Supreme Court Gives Guantanamo Detainees Right to Challenge Imprisonment

Rejecting the Bush administration’s arguments for national security and the 2006 Military Commission Act, the Supreme Court ruled today that the foreign terror suspects being held at the Guantanamo Bay prison may challenge their detentions in civilian federal court. In the Court’s 5-4 ruling, the majority stated that the Constitution does not permit Congress to suspend habeas corpus unless our country faces rebellion or invasion.

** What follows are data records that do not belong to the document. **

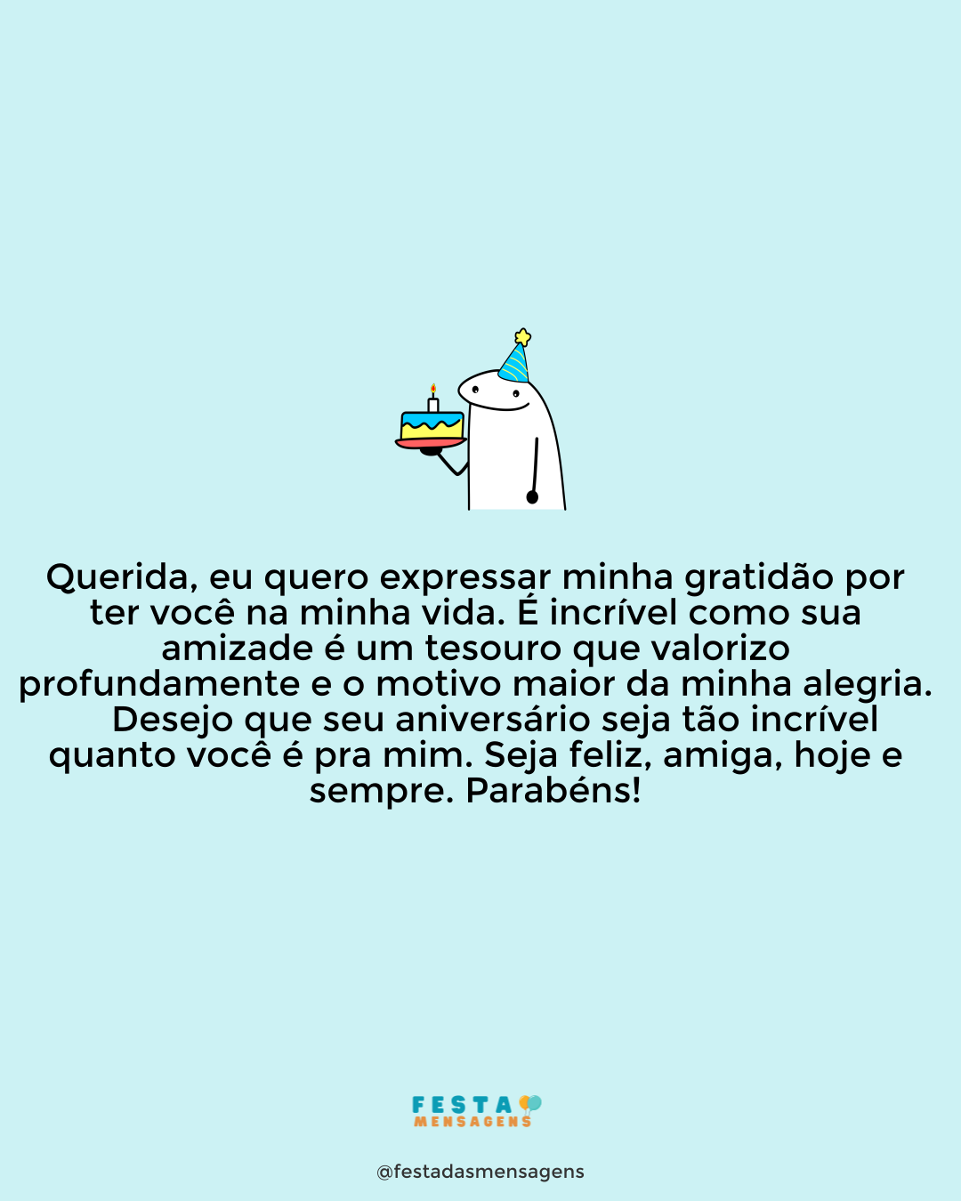 Foram tantos momentos juntas, não é mesmo? Quantas brigas, discussões por causa de ciúmes? Mas nada derrubou a nossa amizade, sabe por quê? Porque a nossa amizade é verdadeira e o amor que sentimos uma pela outra é de irmã. Feliz aniversário! Você é aquela amiga que é conselheira, que me diz quando estou errada, pois eu sei que só quer o meu bem. Você é aquela amiga que fez eu pagar os piores micos da vida, mas vale a pena passar todos os minutos da minha vida ao seu lado, e que esses minutos nunca acabem. Saiba que você é a melhor amiga do mundo, aquela que me entende e que aceita do jeito que eu sou, e que está sempre para o que der e vier. Obrigada por secar as minhas lágrimas, e me ouvir nos momentos que eu mais precisei. Que Deus abençoe a nossa amizade! Parabéns para você, minha eterna amiga!
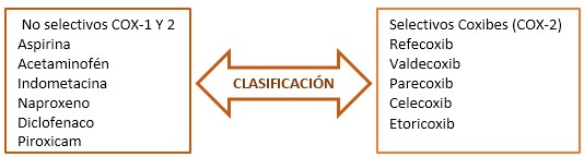 Forman un grupo numeroso de fármacos heterogéneos que comparten acciones terapéuticas y efectos adversos. Eficaces frente a dolores leves a moderados. Deben de utilizarse a la menor dosis posible, el menor tiempo posible y utilizar el menos tóxico posible acorde con las necesidades de inhibición de COX-1/COX-2.4
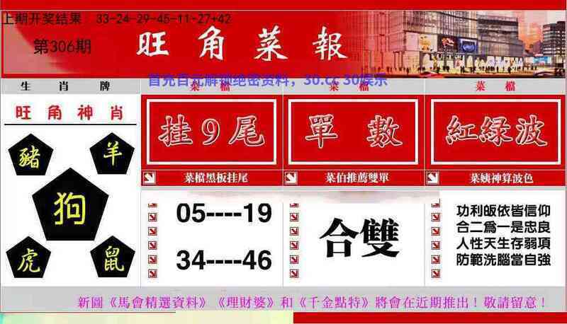 307期单【羊牛猪兔】 双 【狗马猴虎】开狗20准
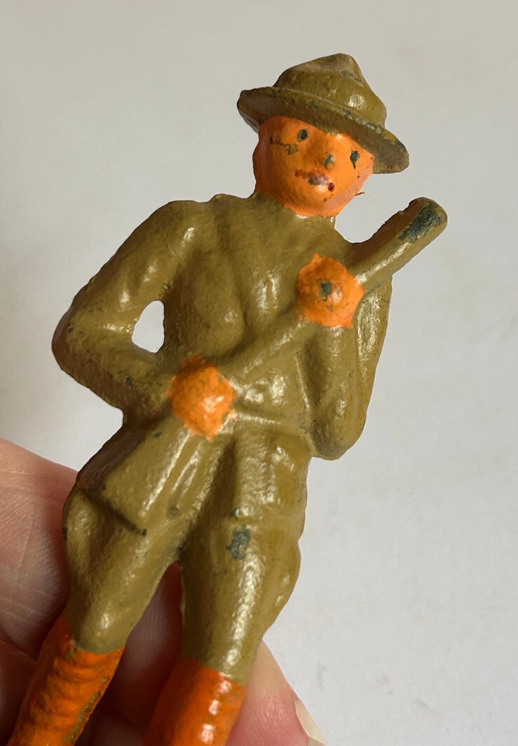 как выглядит Antique Grey Iron Toy Soldier US Doughboy with Rifle Vintage Nice фото

The decision, a stunning setback for the Bush presidency, is historical in that it defends individual liberties over national security, even in times of heightened precaution. The decision is also a marker of hope for many Americans who believe the system of checks and balances in the Constitution to be fatally flawed in light of the expansion of the executive branch’s powers since 9/11. The controversial ruling is also likely to become a campaign issue in the upcoming presidential election.

In his less-than-subtle minority opinion, Justice Antonin Scalia wrote that the United States is “at war with radical Islamists,” and that “the Nation will live to regret what the Court has done today. I dissent.” Writing independently from the other four Justices in the majority, Justice David Souter concluded that Scalia and the other dissenting justices did not fully grasp “the length of the disputed imprisonments, some of them represented here today having been locked up for six years.” Several of the detainees at Guantanamo have been held there on flimsy evidence, or by mere suspicion alone.

Although, as the Center for Constitutional Rights director Vincent Warren puts it, “The Supreme Court has finally brought down an end to one of our nation’s most egregious injustices,” the decision does not mean that the detainees will be released. Those questions will be left to the District Court judges set to hear the detainees’ challenges. In addition, the detainees are not allowed defense lawyers, but rather a “personal representative” assigned to each prisoner by the U.S. military.